A test suite of 500 fast, reliable tests is more valuable than 5,000 slow flaky ones. Teams hate deleting tests. Do it anyway.

The other lever: add tests at the integration and end-to-end layer that exercise real user paths. One good e2e test that logs in, creates an order, and checks out is worth dozens of unit tests that check if a price formatter returns "$" before the number.

6. Observability Belongs in the Pipeline

The pipeline should produce observable artifacts in production. Deploy events, version metadata, feature flag changes should all land in your observability platform. When an incident happens at 2:14 PM, the on-call engineer should see "deploy v4.23.7 at 2:11 PM" as the top entry in the timeline.

Concretely:

  • Tag every metric with the deployed version. Prometheus labels, Datadog tags, whatever your platform uses.
  • Emit deploy events to your monitoring tool. Grafana, Datadog, Honeycomb, all support deploy annotations.
  • Log version on startup. Every service logs its version and git SHA on boot.
  • Deploy notifications to incident channels. Even a simple Slack message in #deploys saves a real hour during an incident.

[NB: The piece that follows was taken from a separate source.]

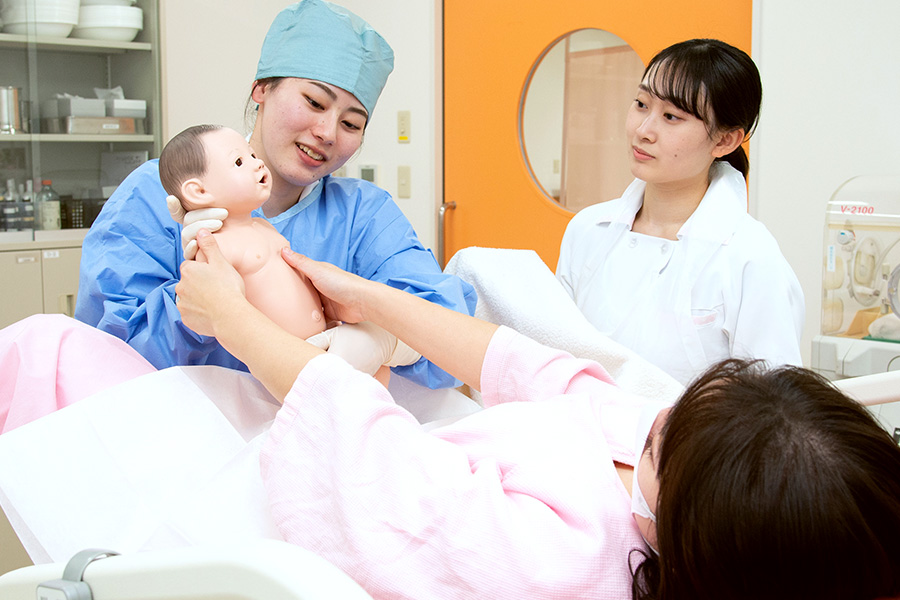 分娩介助技術や新生児蘇生、妊産褥婦の診察技術と助産診断とケアに関するグループ演習を体験していただけます。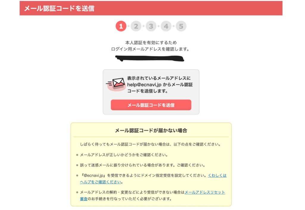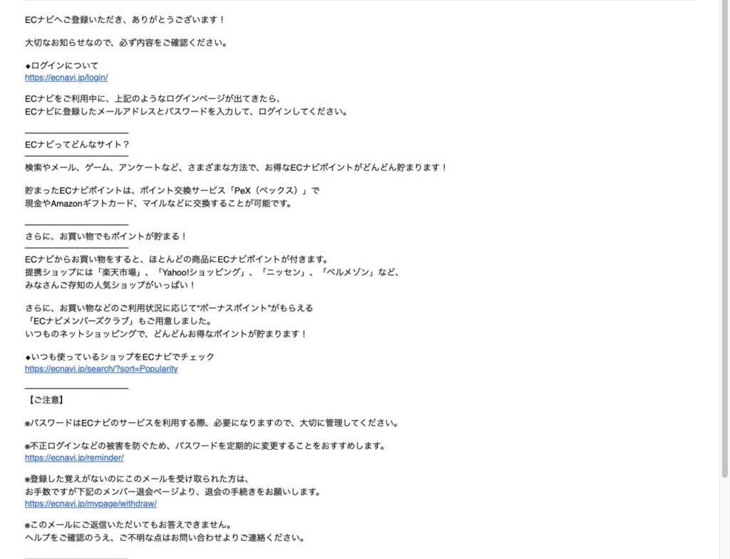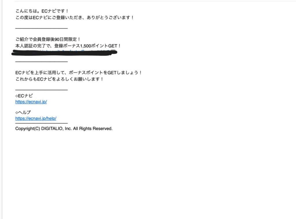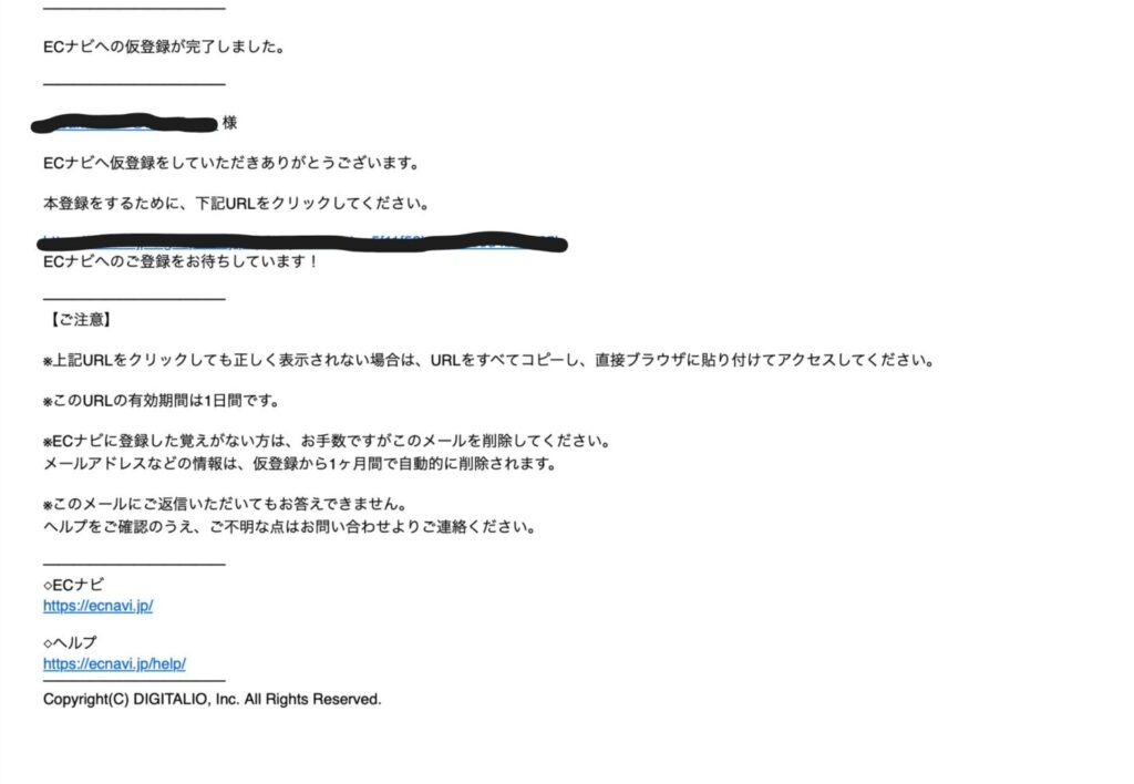メイルアドレス送信後ECナビから仮登録のメールが届くので確認してみましょう。

7. Rollback Is a First-Class Feature

"How do I roll back?" should have an answer that does not involve reading documentation. Ideally, the CI/CD tool has a button. Failing that, a single command. Failing that, a runbook so short it fits on a Post-it.

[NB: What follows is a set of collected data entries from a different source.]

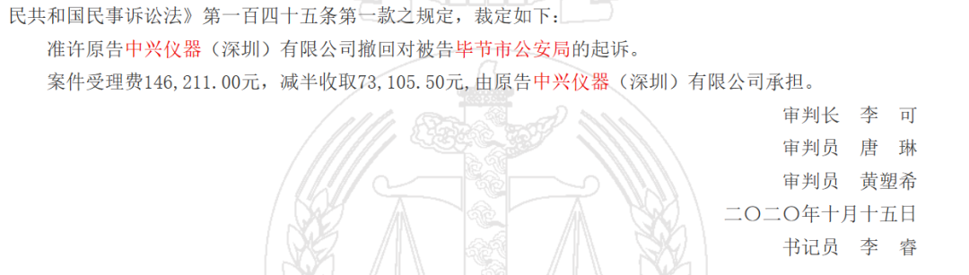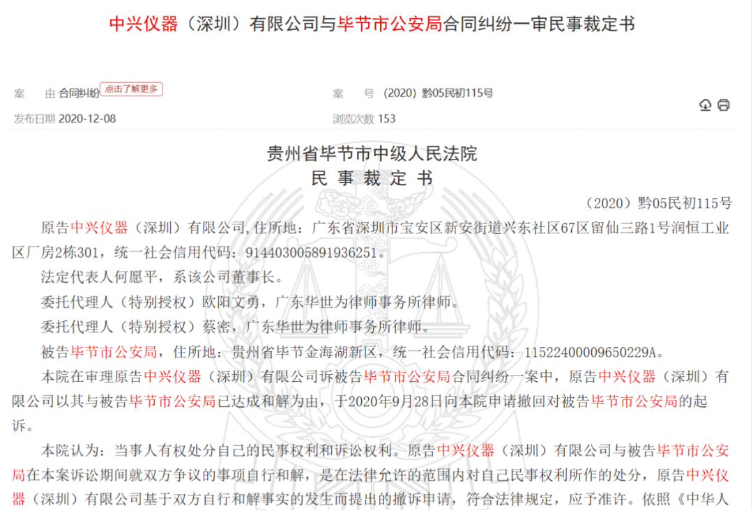 中国裁判文书网2020年12月8日上传的一份毕节市中级法院《民事裁定书》显示:发行人前身中兴仪器(深圳)有限公司曾以合同纠纷为由起诉毕节市公安局。后以达成和解为由,中兴仪器于2020年9月28日向法院申请撤回对被告毕节市公安局的起诉。案件受理费146211元,减半收取,由原告中兴仪器(深圳)有限公司承担。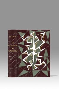 In-8, maroquin grenat, plats ornés d’une composition géométrique de box gris clair et gris foncé bordés de jeux de filets dorés, dos lisse orné de filets à froid, doublure et gardes de daim gris, filets dorés en encadrement, tête dorée, tranches dorées sur témoins, couverture et dos conservés, chemise demi-maroquin bordeaux à rabats, étui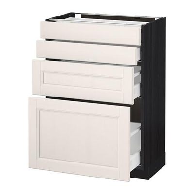 МЕТОД / МАКСИМЕРА Напольн шкаф 4 фронт панели/4 ящика - 60x37 см, Лаксарби белый, под дерево черный

Rollback strategies we recommend, in order of preference:

  • Deploy the previous artifact tag. The cleanest, cheapest rollback. Works if your deploy pipeline is separated from build.
  • Feature flags for risky changes. Turn off the feature without a redeploy. Good for UI changes and new features.
  • Blue-green deploys. Route traffic back to the previous environment. Fast but requires double the capacity.
  • Canary deploys with automated rollback. Percentage-based rollout with automatic rollback on error threshold. Best-in-class, more infrastructure to build.

The first one handles 80% of cases. Build that before you worry about the rest.

8. Plan for the Second Year

The pipeline you build today will be maintained by someone else in two years. Write it for them:

  • README in the repo explaining the pipeline. Not auto-generated. A human-written "here's how this works and why."
  • Decision log for why weird things are weird. The two lines that look redundant but are load-bearing. Explain them or someone will delete them and break production.
  • Test the rollback quarterly. If it hasn't been used, assume it's broken.
  • Review the pipeline when the team changes. New owners should be able to understand it within a day.

Three Takeaways

  1. The pipeline ages as well as the documentation does. Treat the README and the runbook as first-class deliverables.
  2. Fast feedback is not optional. If developers don't trust the pipeline, they'll find ways around it, and your quality gates stop working.
  3. Separate build from deploy so rollback is trivial. This one decision pays dividends every time something goes wrong.